====== Records to process

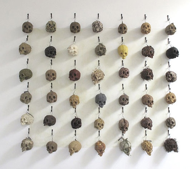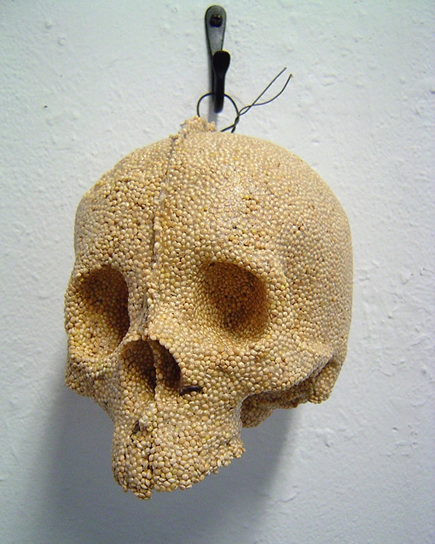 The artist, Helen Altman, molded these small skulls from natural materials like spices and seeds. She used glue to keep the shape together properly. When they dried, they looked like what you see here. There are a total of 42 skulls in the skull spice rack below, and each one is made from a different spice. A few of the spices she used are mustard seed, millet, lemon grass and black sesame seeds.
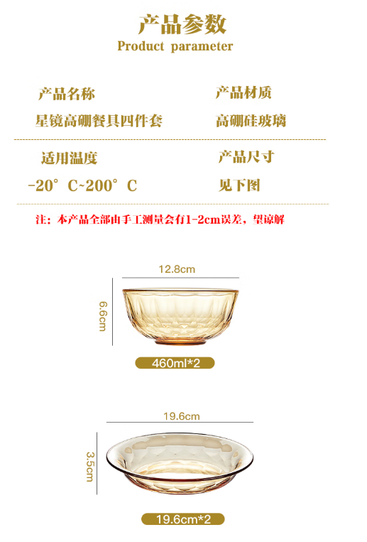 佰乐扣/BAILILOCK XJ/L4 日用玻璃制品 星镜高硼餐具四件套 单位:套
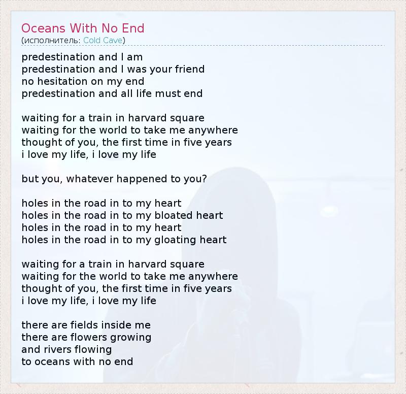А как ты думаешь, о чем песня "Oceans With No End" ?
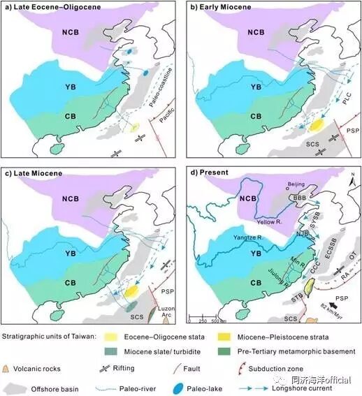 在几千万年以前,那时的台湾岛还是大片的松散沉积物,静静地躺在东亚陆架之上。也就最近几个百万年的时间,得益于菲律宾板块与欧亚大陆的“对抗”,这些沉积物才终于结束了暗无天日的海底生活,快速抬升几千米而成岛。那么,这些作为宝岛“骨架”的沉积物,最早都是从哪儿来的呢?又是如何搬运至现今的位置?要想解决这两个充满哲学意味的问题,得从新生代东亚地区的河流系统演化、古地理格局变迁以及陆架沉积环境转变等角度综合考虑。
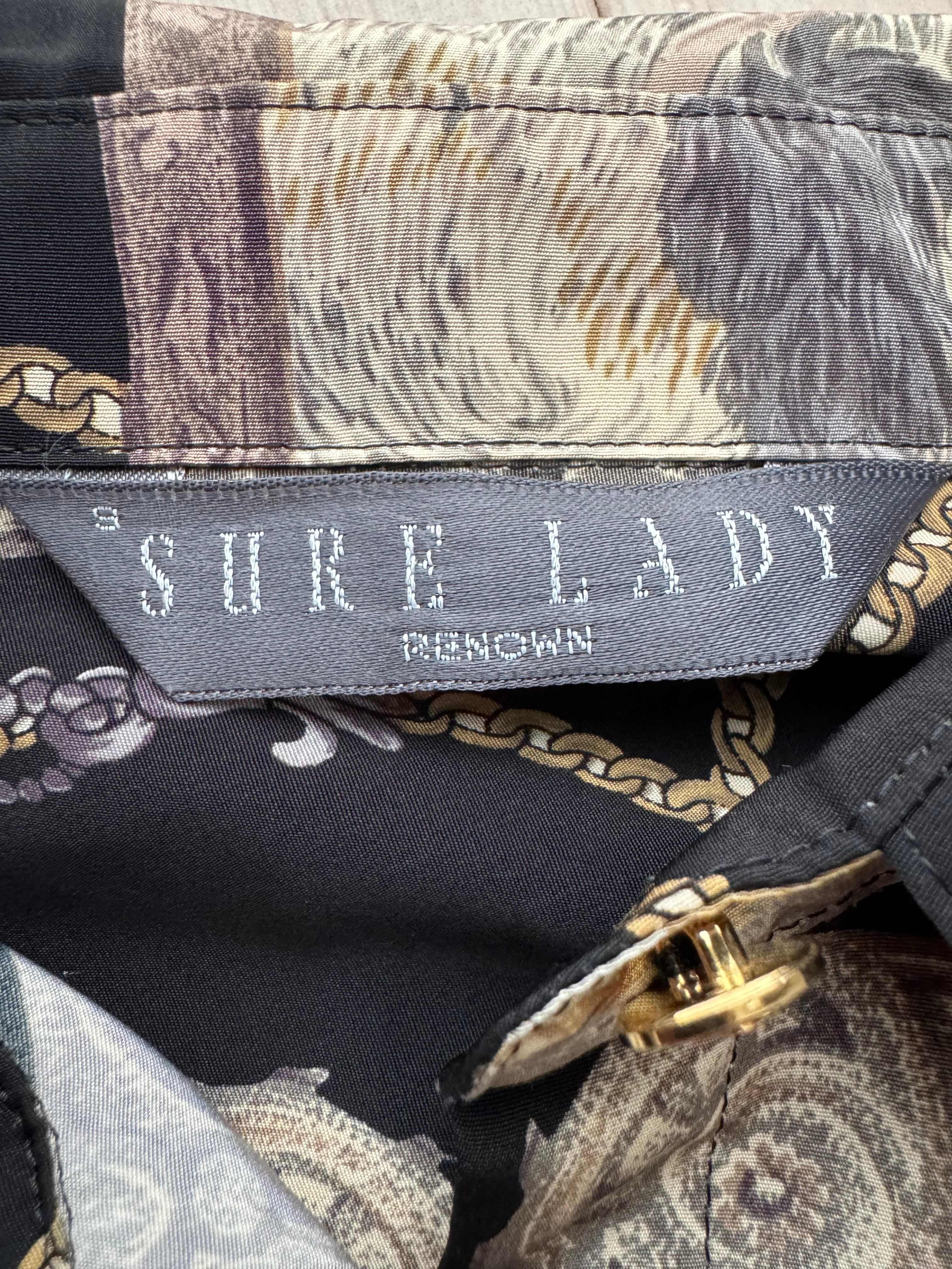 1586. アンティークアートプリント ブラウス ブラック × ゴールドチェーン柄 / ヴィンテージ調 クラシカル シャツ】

============

_Problem description_
Could you retype the records above exactly, omitting the pictures?

_Worked solution_
 The artist, Helen Altman, molded these small skulls from natural materials like spices and seeds. She used glue to keep the shape together properly. When they dried, they looked like what you see here. There are a total of 42 skulls in the skull spice rack below, and each one is made from a different spice. A few of the spices she used are mustard seed, millet, lemon grass and black sesame seeds.
 佰乐扣/BAILILOCK XJ/L4 日用玻璃制品 星镜高硼餐具四件套 单位:套
А как ты думаешь, о чем песня "Oceans With No End" ?
 在几千万年以前,那时的台湾岛还是大片的松散沉积物,静静地躺在东亚陆架之上。也就最近几个百万年的时间,得益于菲律宾板块与欧亚大陆的“对抗”,这些沉积物才终于结束了暗无天日的海底生活,快速抬升几千米而成岛。那么,这些作为宝岛“骨架”的沉积物,最早都是从哪儿来的呢?又是如何搬运至现今的位置?要想解决这两个充满哲学意味的问题,得从新生代东亚地区的河流系统演化、古地理格局变迁以及陆架沉积环境转变等角度综合考虑。
 1586. アンティークアートプリント ブラウス ブラック × ゴールドチェーン柄 / ヴィンテージ調 クラシカル シャツ】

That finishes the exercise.